The pace of producing this book is so slow you can barely see progress without using time lapse photography. It will take me at least a year, and possibly as long as two, to finish a draft that is ready for readers. But the second upside is even better than the first -- it is vastly better work than I've ever produced before. You almost cannot even compare it.

Before I got sick I wrote like it was a race. Not because I thought I was in a race, but because the need to get the words down on the paper felt so incredibly urgent. I never intended to work at breakneck speed, it just sort-of happened. I'd get an idea, like it, start developing it, and then the ideas would start coming so fast and furious and I'd be working as much as my body would allow just to slam them down on the page, edits later, ideas NOW. Then I got sick. After my brain got all loosey-goosey I began to appreciate just how essential my previous clarity and effortless ability to remember just about everything had been to my old process. I could not do it anymore. I'd get the idea I liked, start to develop it, and then my health would crash and the whole thing would sort-of dissolve.

Writing a novel, for me, is a lot like building a castle in the air. I used to be able to switch back and forth between working on the blueprints for the whole structure, and nailing materials together for one small part of it, then a whole different part, pretty easily. At least, I felt like I could. I believed I could.

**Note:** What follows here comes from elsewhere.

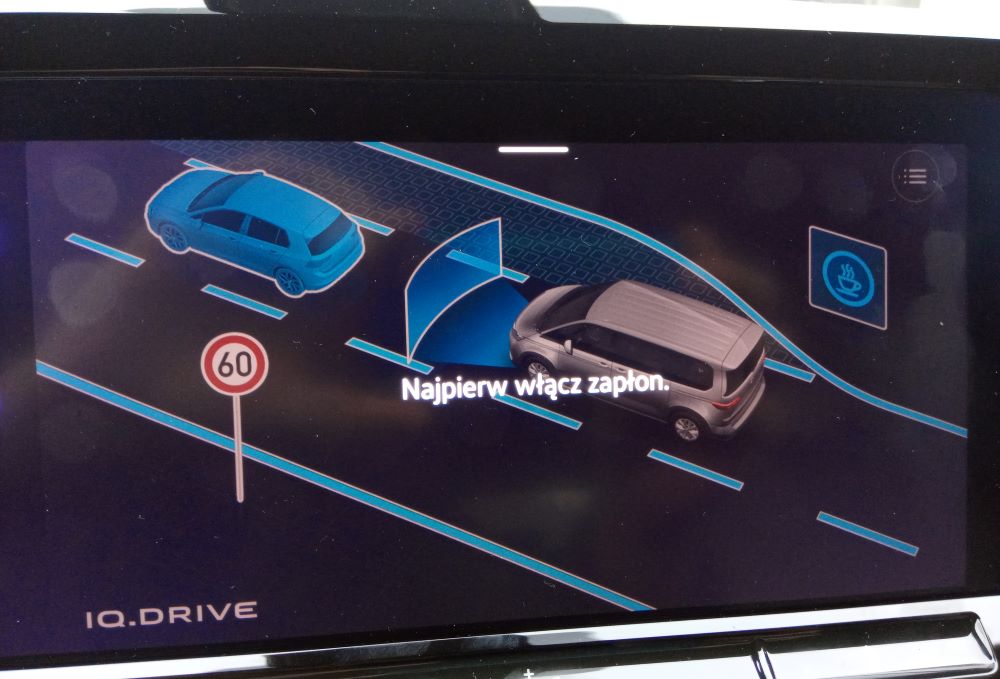 Multivan ma system zapobiegający zjechaniu z pasa ruchu Lane Assist, który jednak jest dość leniwy, w każdym razie trzeba mocno najechać na linię by zaczął reagować. Przy tego typu zachowaniach często pojawia się też komunikat ostrzegający –„ jedź środkiem pasa” !

But once I got sick, I couldn't be running back and forth between those tasks anymore. If there weren't enough blueprints done before my health crashed, the whole thing came tumbling down and could not be rebuilt because I could not remember how any part of the structure was intended to be connected to any other part. So this time, I spent months and months working on nothing but blueprints before I started trying to cut materials or nail anything together. I had just started cutting and nailing for the novel's walls when the flare came and the walls in my mind came down. And the structure is holding! There are enough blueprints. The whole thing is not only not crumbling down all around me, I can still see how each bit connects to every other bit, and I can see that the fact that I'm taking this much time drawing out blueprints is going to make the finished castle far more interesting and solid than any I've built in the past.

Oh, all I want to do is build the thing. I am enormously pissed that I am in a flare. It feels like sitting in front of my favorite food, starving, and not eating it. But you know what happens when you gorge and guzzle; you don't really enjoy any of it, you can hardly taste it, and half the time you choke.

I know I can't do narrative work when I can't get my mind to hold on to a zen-like space, that's the way I get the feel of the words the way I like them. For me, writing is a synesthetic process. Other people sometimes experience words as if they have colors or sounds; for me, words have feels to them, like a form of sensuality, they feel rough or creamy, or maybe like pavement or like a tongue, or they overlap across any number of sensations, and punctuation alerts to the intensity of the sensation. I get into that zone that people talk about when they work out or meditate, and from that space I use how words feel to make choices about how I string together a sentence, a paragraph, a story. Can't do it when I can't get my body to feel the words properly, or get my mind to hold onto the right space.

So right now I'm pretty bored. The most exciting things I am capable of doing today are continuing on my eternal quest for comfortable underwear -- low rise stretch cotton boy boxer briefs made for bodies without penises, where have you been all my life? -- and play the goofy little Top Chef video game I bought while I was scouring the local department stores for comfortable underwear. But I am so excited that my book will be waiting for me when I come out, I cannot even tell you. I hope you all have something in your lives you feel this good about looking forward to! :)

Labels: ,

Sunday, February 22, 2009

LOST

No, not the show. I found the A-story really compelling but they kept dodging out on it to tell this whole list of D-stories that were not interesting to me, so I stopped watching a while back. I'm talking about being physically lost in the material world.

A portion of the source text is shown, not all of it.